Google’s May Pixel update is here, but the battery drain bug that has been chewing through some phones since March is still alive and well. That leaves owners of affected Pixel models waiting for the real fix while Google ships the usual round of patches and optimism.
The complaint is brutally simple: some Pixels are burning through charge far faster than they should. Reports stretch from the Pixel 10 family back to at least the Pixel 7, which is a wider mess than the kind of single-device hiccup Google can quietly mop up in one monthly patch.
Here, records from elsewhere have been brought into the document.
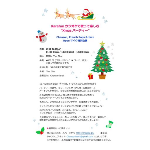 | 関連サイト | http://theglee.jp/schedule/theglee%e3%83%a9%e3%83%b3%e3%83%81%e3%82%bf%e3%82%a4%e3%83%a0%e3%82%a4%e3%83%99%e3%83%b3%e3%83%88xmas%e3%83%91%e3%83%bc%e3%83%86%e3%82%a3%e3%83%bc%e3%80%80chanson-french-pops-jazz-open-mic/ |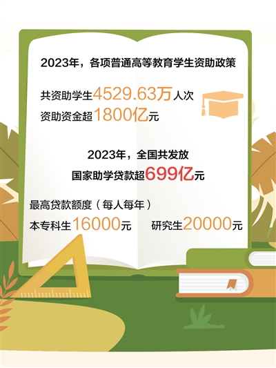 《2023年中國學(xué)生資助發(fā)展報(bào)告》顯示,2023年,政府、高校及社會的各項(xiàng)普通高等教育學(xué)生資助政策共資助學(xué)生4529.63萬人次,資助資金1854.38億元。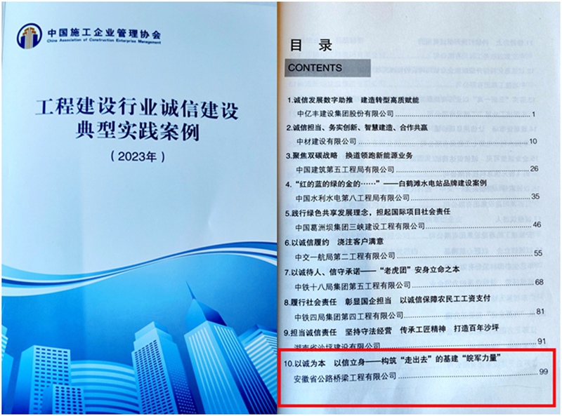 近日,從中國(guó)施工企業(yè)管理協(xié)會(huì)傳來(lái)喜訊,公司入選“2023年工程建設(shè)行業(yè)誠(chéng)信建設(shè)典型實(shí)踐案例”。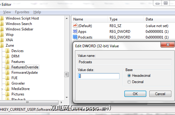 由于本地化问题,某些国家(例如英国和澳大利亚)将无法在Zune中找到Podcast视图。幸运的是,可以使用注册表编辑器(例如本机Windows注册表编辑器)来解决此问题。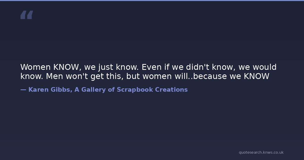 Women KNOW, we just know. Even if we didn't know, we would know. Men won't get this, but women will..because we KNOW funny-quotes sarcasm women-and-men Download Image Share on X Share on Facebook Copy Link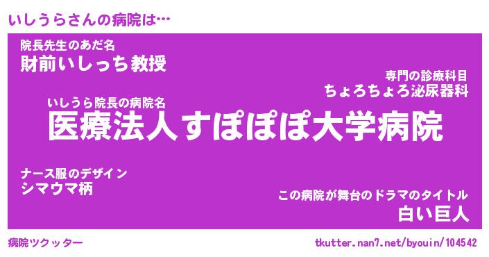 | ヘコむあだ名 | 『いしもー』『なまこ酢』『いし太郎』 |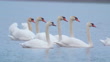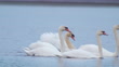 Birds - Mute Swans ( Cygnus olor ) swim in the water on a cloudy spring early morning. - 4K stock video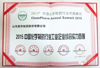 峰會上,新華制藥憑借深厚的底蘊和實力,一舉榮獲“2015年中國化學制藥行業工業企業綜合實力百強”“2015中國化學制藥行業原料藥出口型優秀企業品牌”“2015中國化學制藥行業制劑出口型優秀企業品牌”三項殊榮。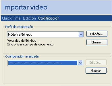| 8 | Perfil de Configuración Avanzada. En el asistente de importación de video, una vez que hemos definido el perfil de compresión, es necesario establecer el perfil de opciones avanzadas. También en este caso se puede reutilizar un perfil ya existente o bien crear uno nuevo definiendo los distintos valores del mismo. | |||||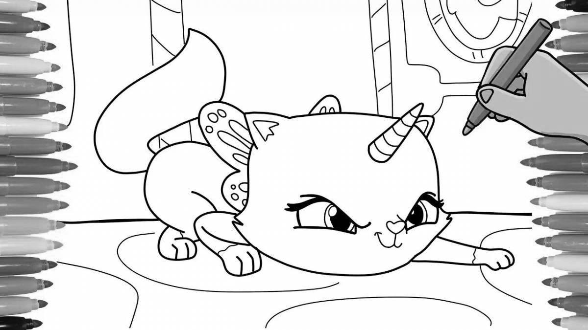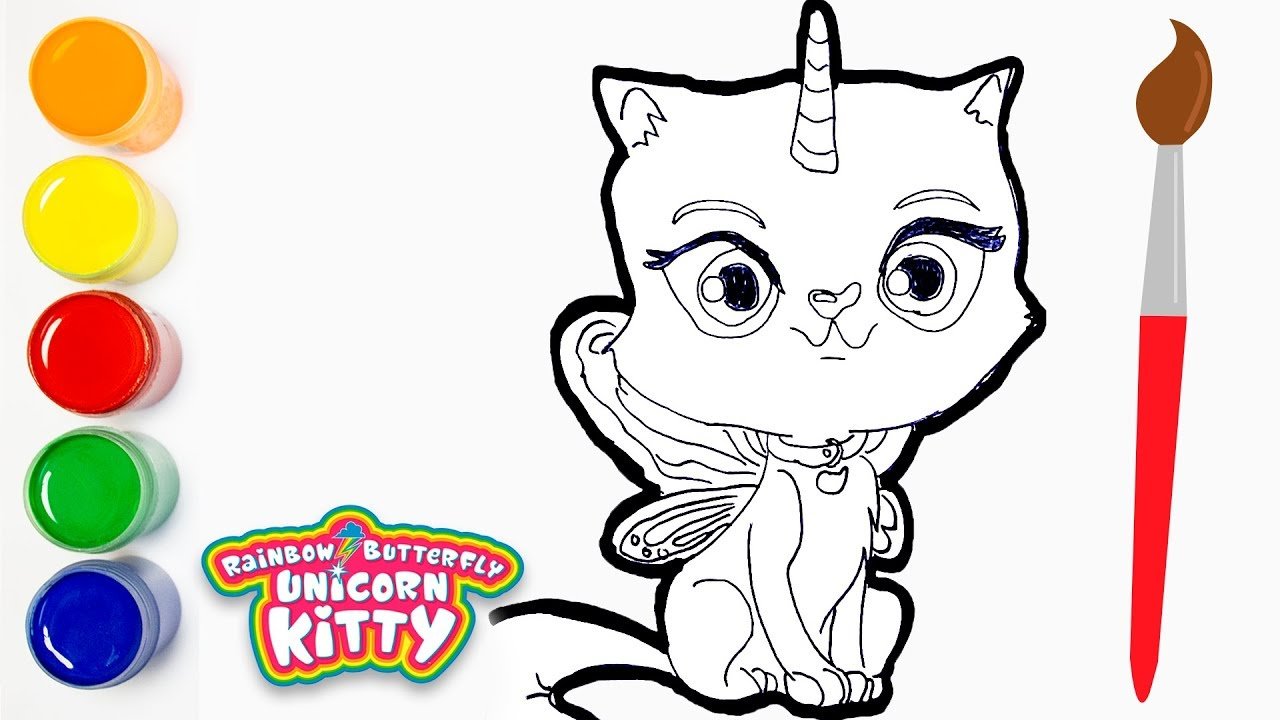![Радужно-бабочково-Единорожная кошка раскраска]()

A CPU bug appears to be draining Pixel battery life
One user who dug into the issue says the culprit is a bug that keeps the CPU working overtime and stops the phone from entering Deep Doze mode. If that’s right, the problem isn’t cosmetic; it’s a power-management failure, which is exactly the sort of thing that turns a premium phone into an expensive paperweight by midafternoon.
The report got enough attention to be pushed to Severity One, Priority One on Google’s bug tracker. That’s the software equivalent of putting out a building fire, so the company clearly knows this is more than forum noise.
Why the May Pixel update didn’t land the blow
Google not fixing it this month points to one of two unpleasant options: either the bug is messier than it first looked, or the patch simply missed the cutoff for May. The second theory sounds nicer, but if Google had a clean fix ready, there is little reason to hold it back while users watch battery percentages evaporate.
That makes June the obvious pressure point. Android vendors usually spread fixes across monthly updates and emergency server-side changes when things get ugly, and this has already reached the ”ugly” part. If Google keeps the pattern moving, the next update may finally be the one Pixel owners were waiting for.
What Pixel owners should watch next
- Affected phones include the Pixel 10 line and at least the Pixel 7.
- The suspected trigger is a CPU bug that prevents Deep Doze mode.
- The May update did not include the hoped-for fix.
For now, the best-case scenario is a June patch that actually closes the loop. The less flattering possibility is that Google needs more time than anyone wanted to admit, and Pixel owners will keep treating battery life like a daily gamble.